In all of these cases, the standard attention mechanism is forced to learn these complex nonlinear dependency arcs through the indirect and inefficient means of its value and output projections. It lacks a direct mechanism to express that “token A is more important than token B, even though B is closer.” This highlights the need for a more flexible mechanism that can learn and apply a content-aware, dynamic, and nonlinear information flow policy. Our work introduces such a mechanism. Recent work has highlighted that LLMs do not even leverage their full allowed context uniformly, often struggling with information located in the middle of long sequences [7]. This suggests that the simple “all-past” attention policy is suboptimal. These challenges become particularly acute in tasks requiring multi-step reasoning, where the model must synthesize and dynamically prioritize information from a complex context in order to build a coherent line of thought [8,9].

In this paper, we posit that the future of capable and transparent LLMs lies in moving beyond this static conception of causality. We introduce Dynamic Asymmetric Attention (DAA), a novel mechanism designed to augment the standard attention block. Rather than replacing the causal mask entirely, which remains essential for autoregressive stability, DAA works in concert with it to introduce a learnable context-sensitive guidance system. Specifically, DAA employs a lightweight and parameter-efficient neural network—typically a small Multi-Layer Perceptron (MLP)—that takes the query vector ($q_i$) and a key vector ($k_j$) as input, then outputs a single scalar value. This scalar is added as a bias to the pre-softmax attention score for that specific query–key pair. This mechanism facilitates a form of content-aware attention modulation; a positive bias dynamically strengthens the informational pathway from a specific past token, while a negative bias weakens it. In essence, the model learns a sophisticated task-specific policy for asymmetric information flow, deciding not just if it can see the past, but how intensely it should focus on each part of it. Our empirical results robustly validate this approach. By integrating DAA into LLMs, we not only reduce perplexity on standard language modeling benchmarks but also achieve significant accuracy gains of +3.1% on the HumanEval code generation task and +4.5% on the GSM8k mathematical reasoning benchmark, surpassing the baseline model with a negligible increase in parameters. Crucially, this learned asymmetry provides an unprecedented window into the model’s inner workings. Visualizing the DAA biases elucidates the emergent directed acyclic graphs of the model’s reasoning, revealing precisely how it prioritizes premises, follows logical steps, and resolves dependencies on-the-fly. Therefore, this transition from a static hard-coded rule to a learned dynamic policy is able to unlock both superior performance and a profound new level of model interpretability.
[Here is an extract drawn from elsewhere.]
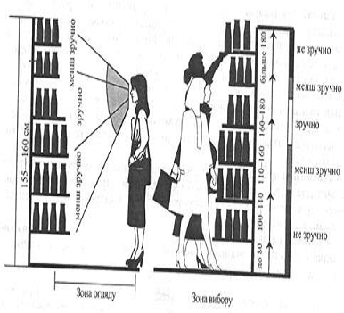 розміщують у торговельному залі раціонально і зручно, з дотриманням правил

Our work makes the following key contributions:

• We propose Dynamic Asymmetric Attention (DAA), a new attention mechanism that learns a soft and context-dependent asymmetric bias, offering a more flexible and powerful alternative to the static causal mask.
• We demonstrate empirically that integrating DAA into LLMs leads to significant performance improvements on both foundational language modeling benchmarks and complex reasoning-intensive tasks such as code generation (HumanEval) and mathematical problem-solving (GSM8k).
• We introduce a novel approach to model interpretability by visualizing the learned DAA biases. These visualizations reveal the implicit “information flow graphs” that the model constructs during inference, providing unprecedented insight into internal reasoning processes such as how the model follows a chain of thought or resolves dependencies.
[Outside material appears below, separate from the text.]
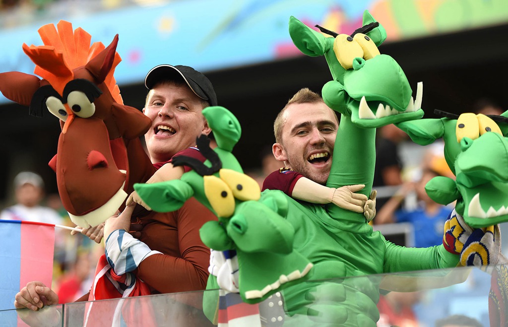 In the 2014 World Cup, many fans are dressed in animal and mascot costumes to support their favorite teams. (Xinhua photo)

The rest of this paper is structured as follows: Section 2 discusses related work; Section 3 presents the design and implementation of the DAA mechanism; Section 4 describes the experimental setup; Section 5 presents our experiments and subsequent analysis; Section 6 introduces the impact of DAA on fine-tuning; Section 7 extends the applicability of DAA to bidirectional model registration; finally, Section 8 concludes the paper.

2. Related Work

Our research on DAA intersects with three primary areas of active investigation in large language models: the architectural evolution of attention mechanisms, techniques for improving complex reasoning, and methods for model interpretability. We review each in turn.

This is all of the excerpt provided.